A relational database management system (RDBMS) is a database management system that is based on the relational model. Many popular databases currently in use are based on the relational database model.
REPEATABLE_READ is one of two isolation levels the Infinispan’s locking infrastructure provides (the other is READ_COMMITTED). Isolation levels have their origins in relational databases.
In Infinispan, REPEATABLE_READ works slightly differently to databases. REPEATABLE_READ says that "data can be read as long as there are no writes, and vice versa". This avoids the non-repeatable reads phenomenon, because once data has been written, no other transaction can read it, so there’s no chance of re-reading the data and finding different data.
Some definitions of REPEATABLE_READ say that this isolation level places shared locks on read data; such lock could not be acquired when the entry is being written. However, Infinispan has an MVCC concurrency model that allows it to have non-blocking reads. Infinispan provides REPEATABLE_READ semantics by keeping the previous value whenever an entry is modified. This allows Infinispan to retrieve the previous value if a second read happens within the same transaction, but it allows following phenomena:
cache.get("A") // returns 1 cache.get("B") // returns 1 Thread1: tx1.begin() Thread1: cache.put("A", 2) Thread1: cache.put("B", 2) Thread2: tx2.begin() Thread2: cache.get("A") // returns 1 Thread1: tx1.commit() Thread2: cache.get("B") // returns 2 Thread2: tx2.commit()
By default, Infinispan uses REPEATABLE_READ as isolation level.
ReST is a software architectural style that promotes accessing resources via a uniform generic interface. HTTP is an implementation of this architecture, and generally when ReST is mentioned, it refers to ReST over HTTP protocol. When HTTP is used, the uniform generic interface for accessing resources is formed of GET, PUT, POST, DELETE and HEAD operations.
Infinispan’s ReST server offers a ReSTful API based on these HTTP methods, and allow data to be stored, retrieved and deleted.
SQL is a special-purpose programming language designed for managing data held in a relational database management system (RDBMS). Originally based upon relational algebra and tuple relational calculus, SQL consists of a data definition language and a data manipulation language.

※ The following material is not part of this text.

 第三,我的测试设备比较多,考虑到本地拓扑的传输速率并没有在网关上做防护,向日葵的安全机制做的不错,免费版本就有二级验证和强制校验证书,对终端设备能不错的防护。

The scope of SQL includes data insert, query, update and delete, schema creation and modification, and data access control.
Write-behind is a cache store update mode. When this mode is used, updates to the cache are asynchronously written to the cache store. Normally this means that updates to the cache store are not performed in the client thread.

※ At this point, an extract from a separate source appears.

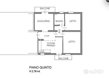 -INTERNO: Appartamento posto al 5 e ultimo piano con ascensore, composto da: Ingresso con cucina e balcone, soggiorno con ulteriore balcone, due camere da letto, un bagno e un ripostiglio.

An alternative cache store update mode is write-through.
In a write skew anomaly, two transactions (T1 and T2) concurrently read an overlapping data set (e.g. values V1 and V2), concurrently make disjoint updates (e.g. T1 updates V1, T2 updates V2), and finally concurrently commit, neither having seen the update performed by the other. Were the system serializable, such an anomaly would be impossible, as either T1 or T2 would have to occur "first", and be visible to the other. In contrast, snapshot isolation such as REPEATABLE_READ and READ_COMMITTED permits write skew anomalies.
Infinispan can detect write skews and can be configured to roll back transactions when write skews are detected.
Write-through is a cache store update mode. When this mode is used, clients update a cache entry, e.g. via a Cache.put() invocation, the call will not return until Infinispan has updated the underlying cache store. Normally this means that updates to the cache store are done in the client thread.
An alternative mode in which cache stores can be updated is write-behind.
An XA resource is a participant in an XA transaction (also known as a distributed transaction). For example, given a distributed transaction that operates over a database and Infinispan, XA defines both Infinispan and the database as XA resources.